34 - DO PESADELO NASCEU UMA IRMÃ
O menino poeta
está sentado no chão cerâmico da sala central da grande nave afunilada. Observa
com atenção todos os detalhes, principalmente os mais pequenos, à procura de
uma saída. Os seres que ainda há pouco ali entraram, desapareceram
misteriosamente com a fluidez de uma alma, para zona profundas e desconhecidas.
É difícil desviar os olhos deste espetáculo, o universo, o mundo inteiro, está
ali todo ao seu redor. A cada minuto que a nave avança, passam milhares de anos
que o levam, quer ele queira, quer não queira, para um longínquo futuro ainda mais
afastado na escuridão. As estrelas, os cometas, alguns sistemas estelares,
nascem para depressa serem desfeitos em poeira cósmica daqui a um segundo, um
século, dois milhares de séculos. O poeta observa e vai-se recordando desses seres
galáticos impregnados de vida, apesar de não fazer ideia nenhuma onde se
encontra e que tempo é este:
- Desde que observo
o universo, compreendi de imediato que ainda não tinha vivido, fui uma mera
fição. Quanto vale um minuto de vida nesta sala? Vale bem mais do que os meus
cem anos de vida. É preciso aproveitar ao máximo a viagem pois tudo o que até
hoje vivi foi apenas um mero simulacro de mim. Mas tu sempre foste verdadeira, Marília,
um turbilhão da vida de uma grandeza feroz. Foi difícil escutar-te, e ver-te, e
foi-me difícil seguir-te até este lugar. Senti tudo isto fechado na câmpanula
de cristal onde me mergulharam, e lá no fundo de mim não encontrei nada, só tu
existias, muda, e eu incapaz de me imaginar livre de ti. Tu és a minha irmã, és
tu que tens mais força e és muito maior do que eu.
O poeta ouve-se
de dentro para fora, sentado, surpreendido com tantas coisas simples de
instinto e felicidade. E além disso, começa agora a escutar uma outra coisa
imensa — e diz-lhe que ele ainda não existe.
*
Primeiro, um
som brevíssimo, depois, ao longe, uma voz tímida pronta a sumir-se... — ( P e r p é t u o, m e u i r m ã o, . . . ) — Ele não sabe bem qual é o seu papel. A
parede a quem tinha começado a fazer festas, estava agora aberta até às
entranhas. Madalena, quando der conta do disparate, vai fazer dele uma presa
fácil para o castigo que lhe irá aplicar.
O xisto preto
foi a única coisa menos inútil que na noite escura o poeta descobriu. Inútil, muito
menos inútil, foi ele ter ficado a saber que a restante parte da sua vida deixara
de ser eterna, e disso ele nunca mais se pode desfazer. Antes deste estúpido
pesadelo, julgava-se livre e tão leve, agora sente-se pesado e medroso. Lavado
em lágrimas, que depois limpou, pois se havia de ir para a cova, para todo o
sempre, extraído da vida que tem tanto para lhe dar.
E que mistério,
que voz é esta que insiste em chamá-lo? Primeiro, um som brevíssimo, depois, ao
longe, uma voz tímida pronta a sumir-se...

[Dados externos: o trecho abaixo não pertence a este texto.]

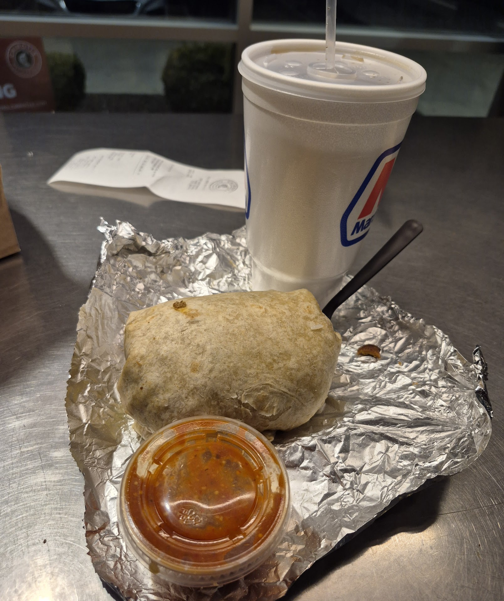 7-18-23 8:05 PM, worst Chipolte experience I've ever had. The sign on the door said "Due to National Avacado Shortage, no Guacamole". I look online and don't find anything about a shortage going on right now. Long line, but I decided to wait. Halfway up, they announced they were out of chicken and it would take 10 minutes for them to grill more. I counted 7 people in the back but only 2 people working orders on the line. Chaos behind the counter. Out of queso. Out of carnitas, a small amount of steak left, sofritas non-existent, black beans empty, counter a mess with ingredients spilled all over. One person was at the grill making more chicken, one person started putting chairs up, not sure what the others are doing but meandering around. Finally get to order, low and behold there's guacamole, "yeah, I just made some in the back" per the cashier. Rushed my burrito through in record time, barely steamed the tortilla, about a dozen black beans, and got the last of the barbacoa. Get home and barbacoa and rice at room temperature and unusually dry, guac tastes funny (confirmed by my wife) chips were either stale or not crispy.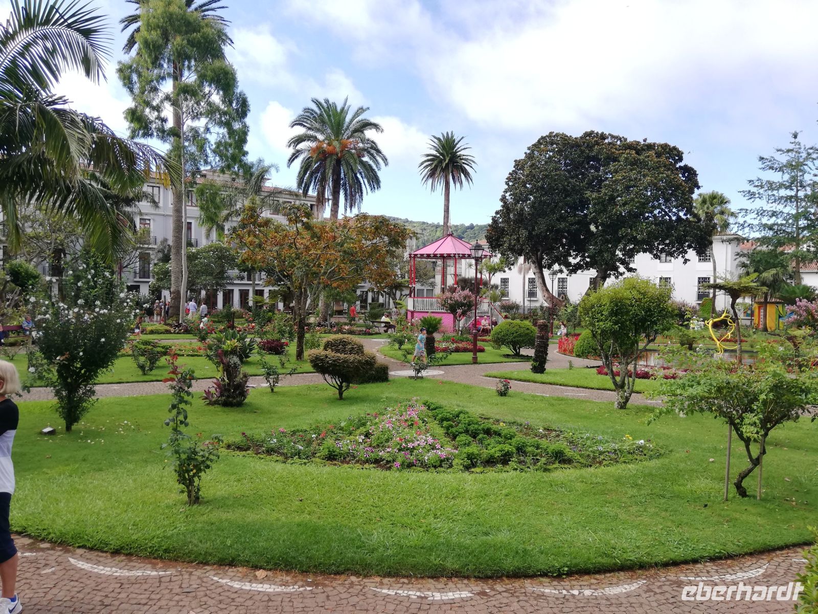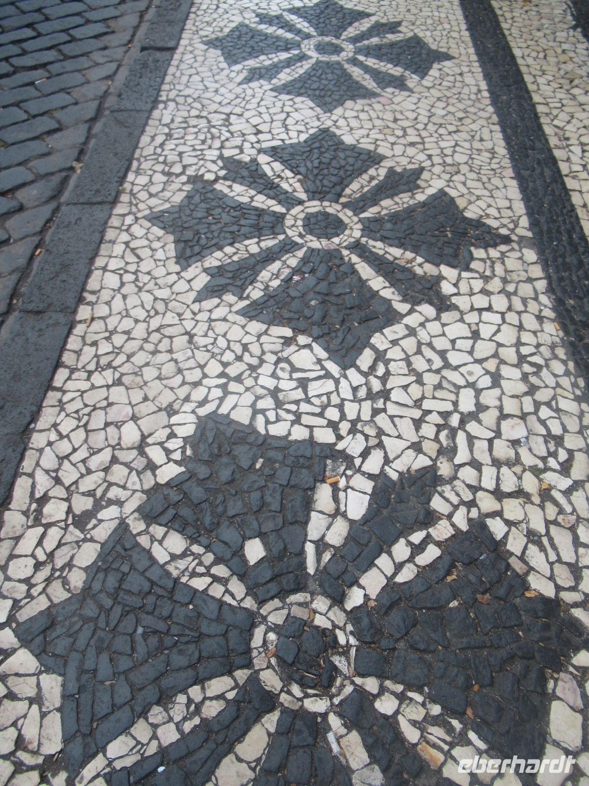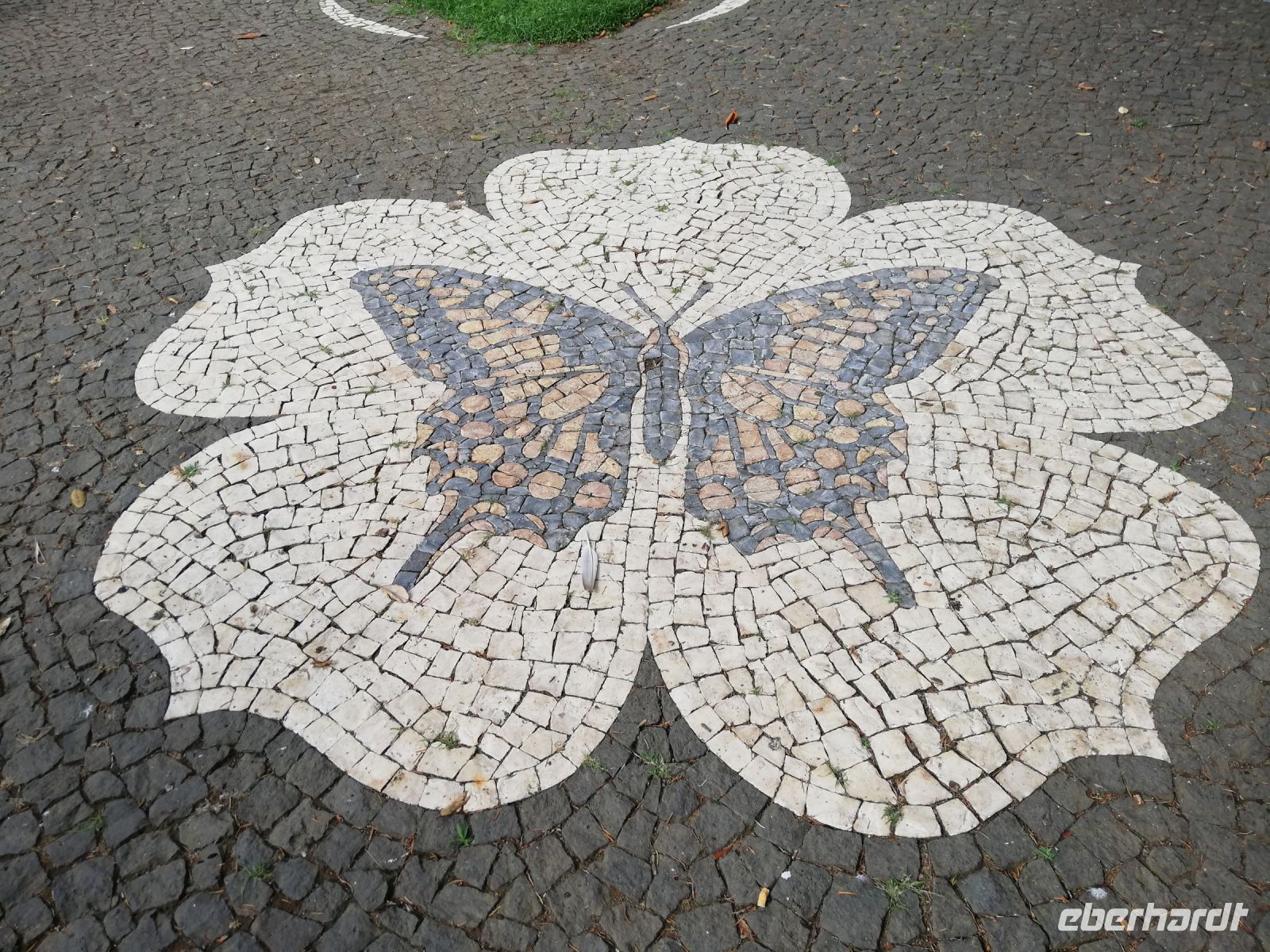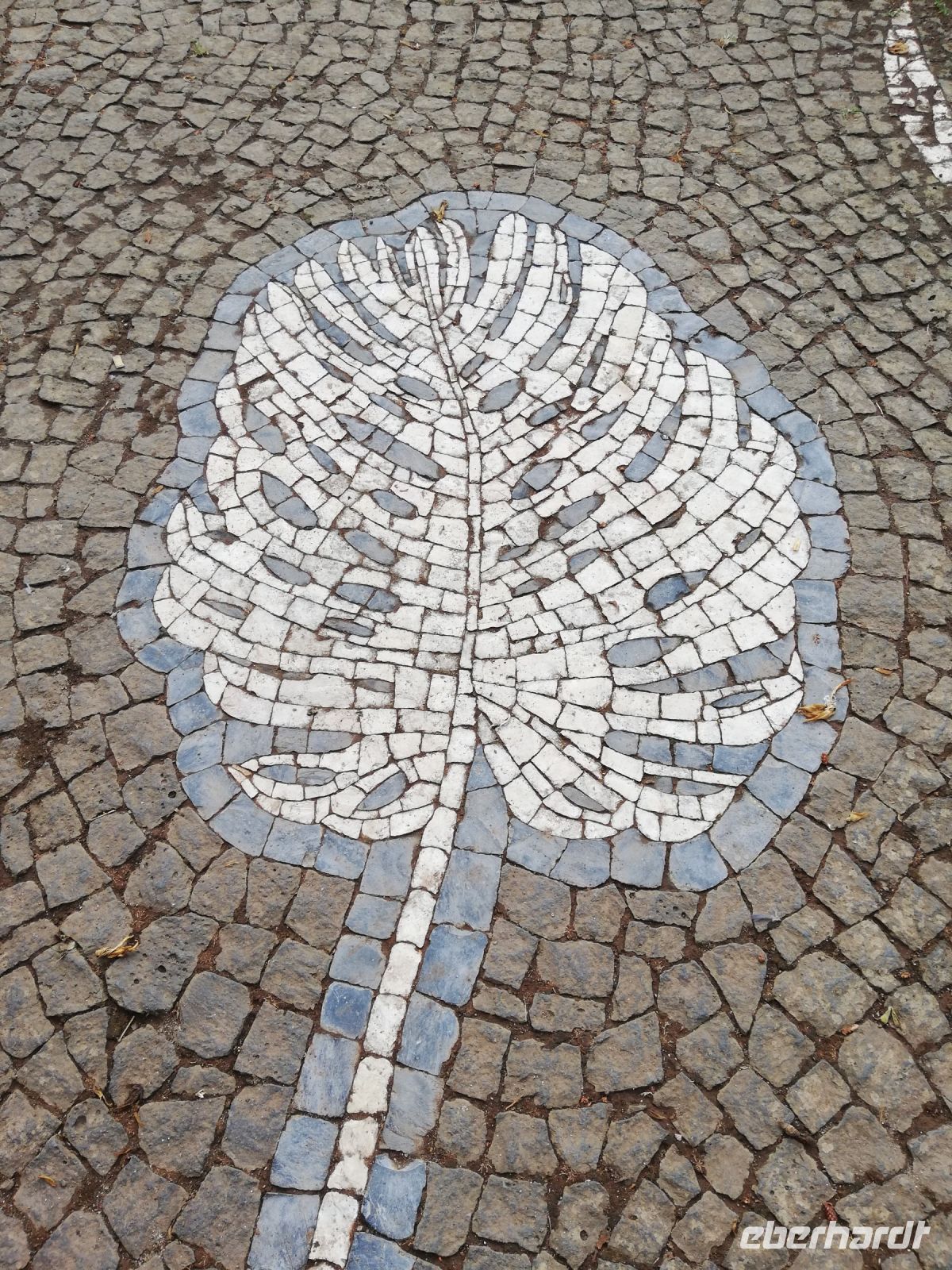 Wir gehen weiter und spazieren in einem sehr schönen Stadtpark hinein, der fast wie ein kleiner botanischer Garten gestaltet ist. Sehr schön sind die mit schwarz-weißen Pflastersteinen aus Basalt und Kalkstein gestalteten Fußwege. Die Motive sind Blumen, Schmetterlinge, Figuren oder geometrische Muster. Da steckt viel Kreativität und Fleißarbeit dahinter – hält aber ewig und ist wunderschön.

— ( P e r p é t u o, m e u i r m ã o, . . . .) — Ele deixou de a
conseguir desligar dali em diante — para se livrar da morte eterna, para
recuperar a vida eterna, o poeta regressa sempre ao quarto da casa da aldeia
para ir atrás dela, a correr…
Marília não
existe, o poeta sabe-o, mas é apenas a irmã quem mais se intromete na sua vida.
Analisa-o, discute com ele, incomoda-o sempre que foge e se ausenta para parte
incerta, fingindo-se morta — Estás viva, Marília, eu bem sei que tu estás na
cova do teu amor, e eu aqui a chorar baba e ranho por ter-te obedecido.
Marília não
existe, e ele desespera por ser incapaz de desfazer-se dela. Quanto mais se finge
de morta, mais ele começa a escutá-la outra vez.
- Estás muito
fundo na gruta! Humilhas-me quando me chamas até este lugar, tu e o teu amante Napoleão.
Sou incapaz de te largar, acompanhas-me para toda a parte.
- (S e m e p u
d e s s e s l i v r a r d e t i,
m a n i n h o! Se me pudesses livrar de ti!).
No chão da sala,
Madalena e Raúl amam-se naquela mesma madrugada, como dois
cavalos selvagens à solta na pradaria, e o gado todo a vê-los naqueles
preparos.
- Ama-me!
Assinala dentro de mim o lugar de onde nunca partirás, Raúl… beija-me… cala-te…
porque é tão difícil conseguires amar-me em silêncio?